16048A: Behar has an unnamed cluster under 195C in K1a with 16093C, but he does not have 16048A on his chart. Due to the number of examples found in the K Project and MitoSearch (more than 42 at last count), this mutation should probably define a new subclade, perhaps called K1a10. This is the key mutation in this haplotype and the haplotype cluster. (I use haplotype cluster to describe a group of haplotypes which do not have an official subclade designation.) Behar's data did not include any examples from the British Isles, but his Table 4 does list one non-Jewish example from Morocco. (I have suggested another Moroccan K was possibly descended from someone whose ancestry traced back to Portugal and Britain before that.) Based on the currently available examples, this mutation may have occurred in Ireland. There were only 23 examples in all of MitoSearch, with 16 of those in K. Two of the others are in Unknown; at least one of those is actually a K. It appears in about 3% of K's. In mtDB it's in 0.2%.
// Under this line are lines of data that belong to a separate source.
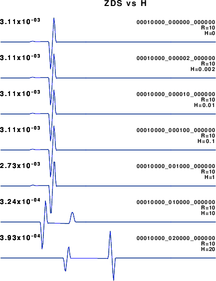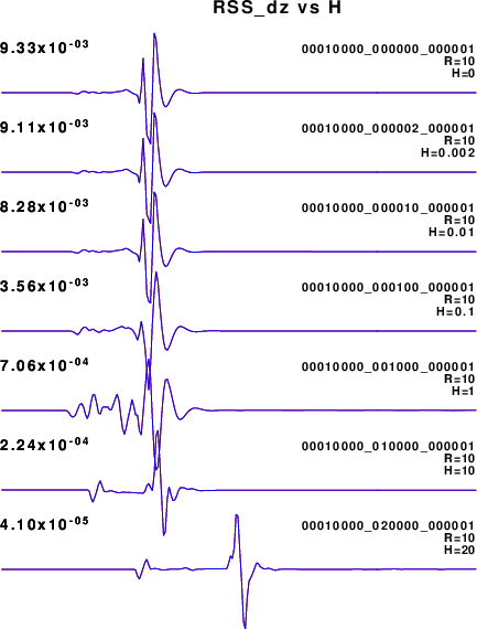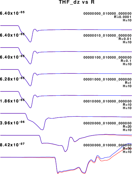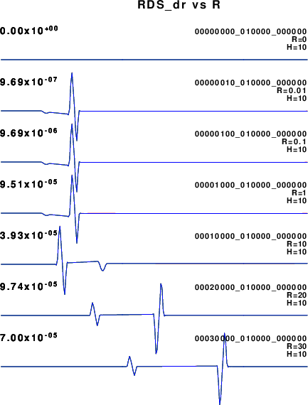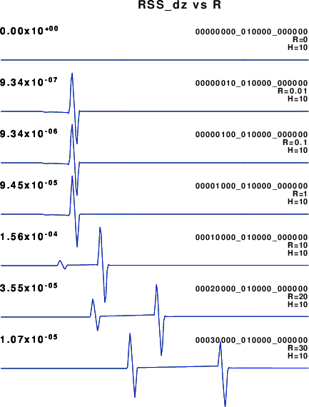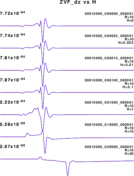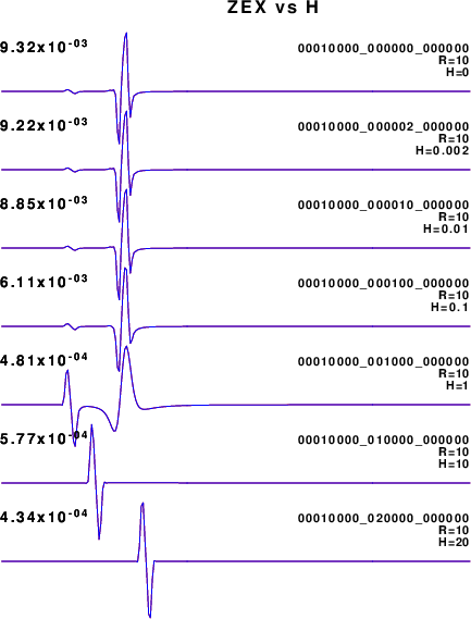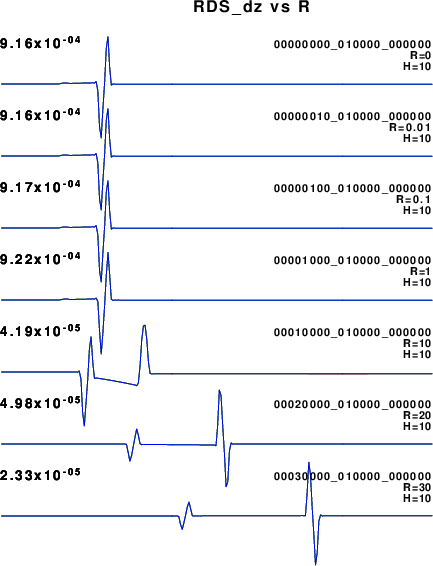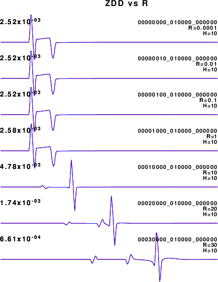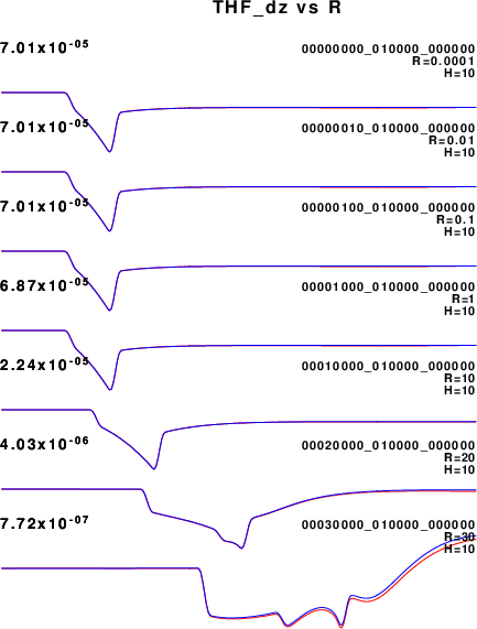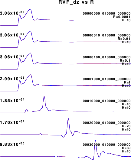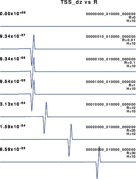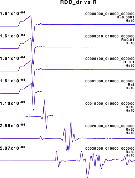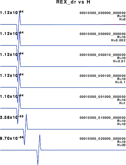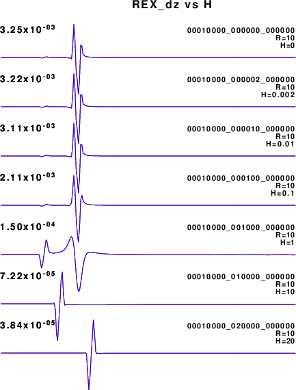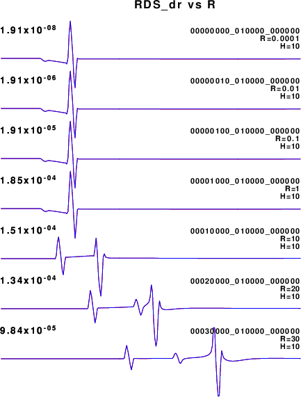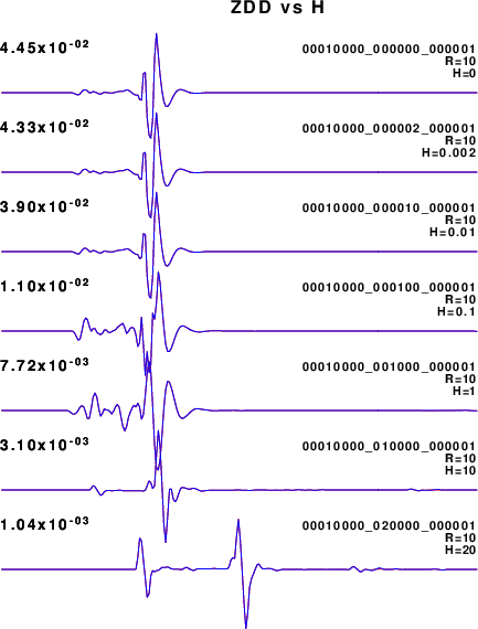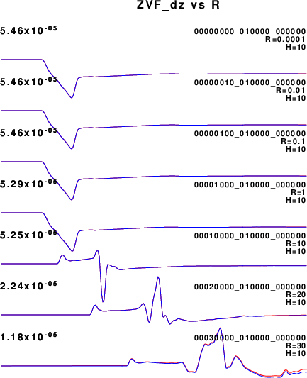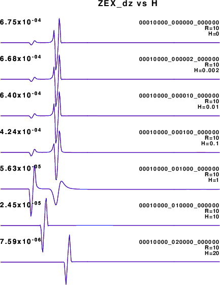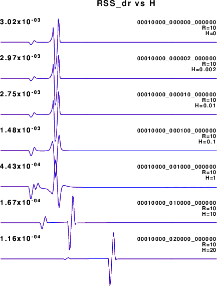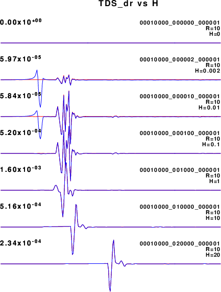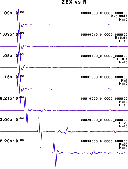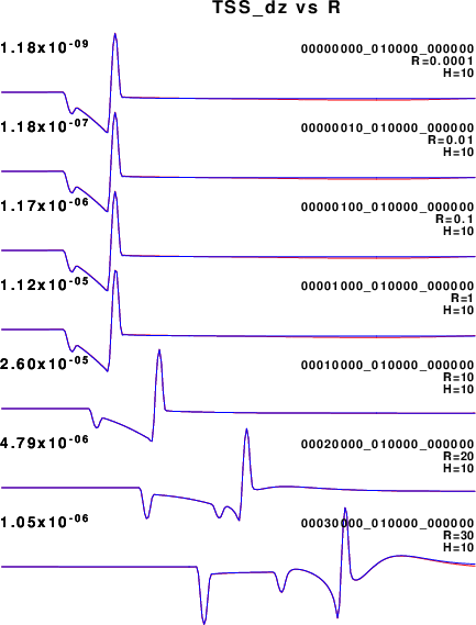 However larger differences are seen for fixed R=10 km as the source depth approaches the receiver depth. The hspec96strain (red curves) is supposed to be zero at H=0 for RDS, TDS, RVF, ZDD, ZEX, ZHF and REX. In most cases the true amplitude may be zero, and the difference reflects numerical error. There are bigger differences in the d/dz of RDD, REX, RHF, RSS, THF, TSS, ZDS. The d/dr of RDS and ZEX show differences.
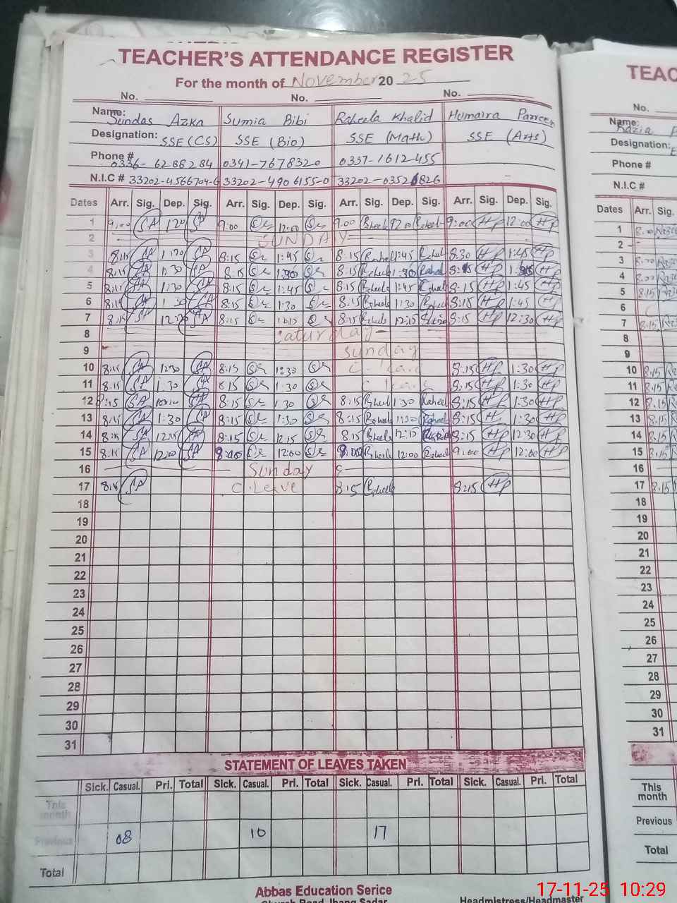 | CNIC | Full Name | Designation | R/C | Absence During Last Calender Month |
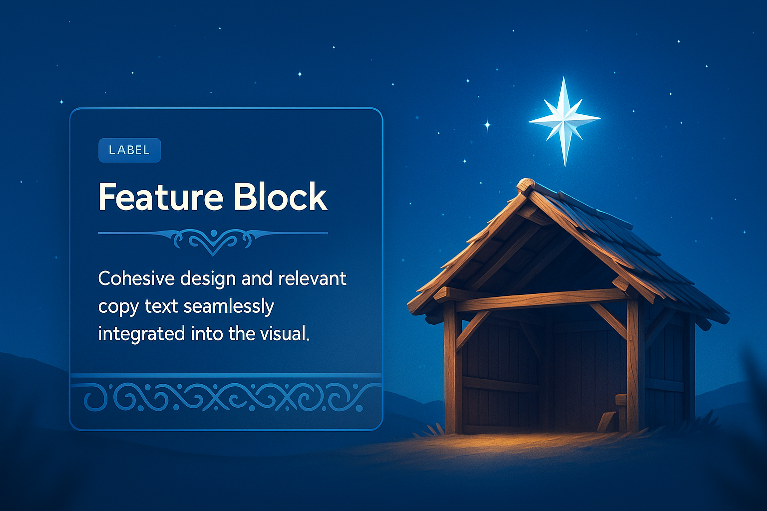 A serene night scene depicting a wooden stable under a starry sky, featuring a highlighted star above. A feature block is integrated, showcasing relevant text and design elements.
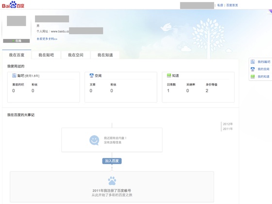 My findings are: Baidu’s definition of social content has included its proprietary content. It is mostly user-generated in nature and being linked and processed primarily through search queries. It won’t be difficult for Baidu to start structuring its proprietary content using users’ profiles, which have existed for a while (see screenshot below).
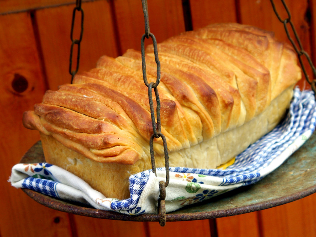 Приготовить форму для кекса в 25 см. Выложить её бумагой для выпечки. Поставить под углом. Выкладывать квадратики теста вертикально один за другим (лучше ставить их слегка вкривь и вкось, тогда готовый хлеб будет ещё красивее). Когда закончатся все квадратики, форма ещё не будет заполнена до конца. Вставить по бокам скрученную бумагу для выпечки или салфетки, которые нужно будет удалять по мере того, как хлеб начнёт подниматься.
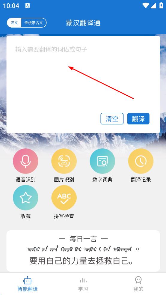 3、進入APP主界面后,在輸入框中輸入需要翻譯的詞語或句子。

524.1C, 524.2A: These pairs of insertions are highly recurrent, but not random, and always occur together. In my genetic distance tables I count them as one mutation or one "mutational event." On the SMGF list, this first pair of insertions is at 34^th/35th with 263 or 5.5%. There they are listed as 524.1A and 524.2C, but apparently that is simply a different choice in listing the same things. These insertions are very important for K; this pair appears in about 20% of the entries, or about four times as often as in the general population. As I stated, these are not random; I've never found them in the Ashkenazi subclades or, with one exception, in the K1c/K1c2 subclades. Behar excluded these and some other recurrent mutations when constructing his K chart. However, in the Kivisild paper which contains perhaps the most recent and comprehensive mtDNA charts, there is a subdivision under 497-nc [non-coding] labeled "523+CA-nc" and another line at the same level as 497 labeled "523+2(CA)-nc." I interpret these to be different ways of indicating one and two pairs of the 524 insertions. So now there are at least three ways of labeling these insertions. The solution I used in my phylogenetic chart was to not use the base letters, using just 524.1, etc. In one case, the perceived genetic difference between two haplotypes was thus reduced from eight to zero. The insertions may be examples of what is called length heteroplasmy: each mitochondrion in a cell may contain one or more pairs - or none - in various combinations. (The most common example of length heteroplasmy in K is at position 309, where one or two C’s may be added; but those have not shown up in this cluster.) Therefore, different cells may contain different majority variants. This needs to be studied further.

16291T: After all the above mutations, there is a branching point as seen on my chart. The other branch is defined mainly by mutations 16047A and 316A. Mutation 16291T defines the branch in question. Until recently there was no way to properly order this and the next mutation, 16093C; but a new MitoSearch entry has surfaced with this one and 338T, but not 16093C. There is also one entry on SMGF which stops at this point. Therefore, it's pretty obvious that for this haplotype this mutation appeared next. (The example in Behar's Table 4 has 16093C, but not 16291T; but since the full sequence is not given, I can't add it to my chart.) This mutation appears in only about 3% of K's, and almost always in conjunction with 16048A. In MitoSearch, it appears in small numbers in most haplogroups with the highest counts in H and U. In mtDB it's in 2.7%.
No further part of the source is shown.